Cloud computing, which is already invaluable to nearly every aspect of business infrastructure, has also become integral to the development and deployment of software-defined vehicles (SDVs). Amazon Web Services (AWS Cloud), the leading public cloud provider, has been staking out a leadership role in providing the automotive industry with cloud services tailor-made to the needs of automotive, including advanced driver assistance systems (ADAS), autonomous driving, fleet management, AI/ML, and vehicle data management, and many other aspects of connected vehicles. They are providing services ranging from compute, data management, vehicle prototyping, and much more.
The cloud is also important to us: Sonatus delivers cloud software that takes advantage of these capabilities in our products. This blog will explain why the cloud is so critical to automotive companies, and in particular some of the ways AWS is leading connected mobility.
Cloud Computing
One of the most fundamental benefits of cloud computing is the ability to flexibly expand compute capabilities based on variable demand, giving rise to AWS services for compute, especially EC2 (Elastic Compute Cloud) and EKS (Elastic Kubernetes Service). Based on the needs of the business, compute instances can be activated and put to work quickly – nearly instantaneously, if needed – while not consuming capital nor operating costs when not in use. This is an incredibly powerful tool for businesses and has changed the way businesses use AWS cloud .
A second equally-valuable benefit is the incredible diversity of compute instance types that provide a wide range of compute, storage, memory and specialized processing capabilities. Given the growing shift to Arm-based compute in vehicles, AWS infrastructure offers high performance computing instances containing Arm-based AWS’s Graviton processor, enabling “environmental parity” between vehicles and the cloud.

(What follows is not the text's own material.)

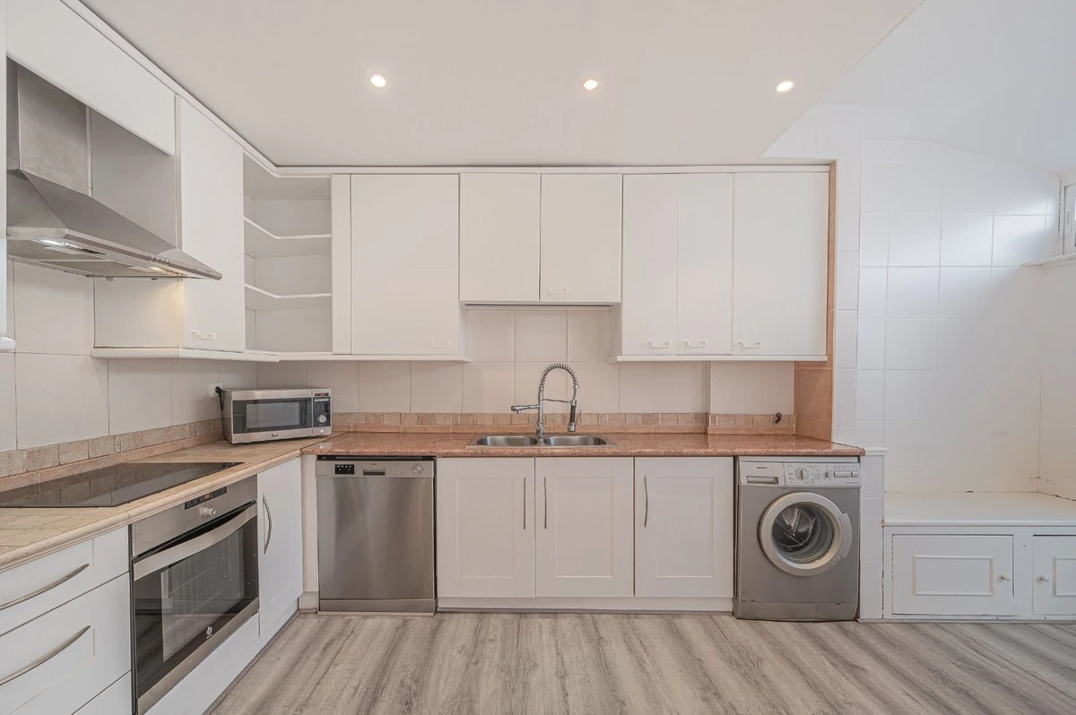 Main Level: A bright and spacious lounge with dining area, a fully fitted separate kitchen, guest lavatory, and a private terrace.

Sonatus products across our Sonatus Vehicle Platform comprise in-vehicle software and corresponding cloud software that is built on and leverages the many diverse AWS solutions, including Kubernetes and containerized workloads, based on both Amazon EC2 and Amazon EKS.
Cloud data management
The amount of data produced by a vehicle connectivity is skyrocketing, making it more and more complicated for the automotive industry to capture, store, upload, and manage. While limited vehicle telemetry and sensor data have been around a while, in a software defined vehicle, data signals are rapidly increasing as more vehicle systems are becoming digital and connected. Adding to that, the proliferation of rich data sources like video cameras, Radar, and LiDAR are expanding, delivering more advanced capabilities but generating significantly more data in the process. Leading-edge automotive OEMS are taking advantage of this data, creating integrated “data lakes” to form a single source of truth that can be queried in different ways from across their organization to add intelligence and ensure consistency in decision making.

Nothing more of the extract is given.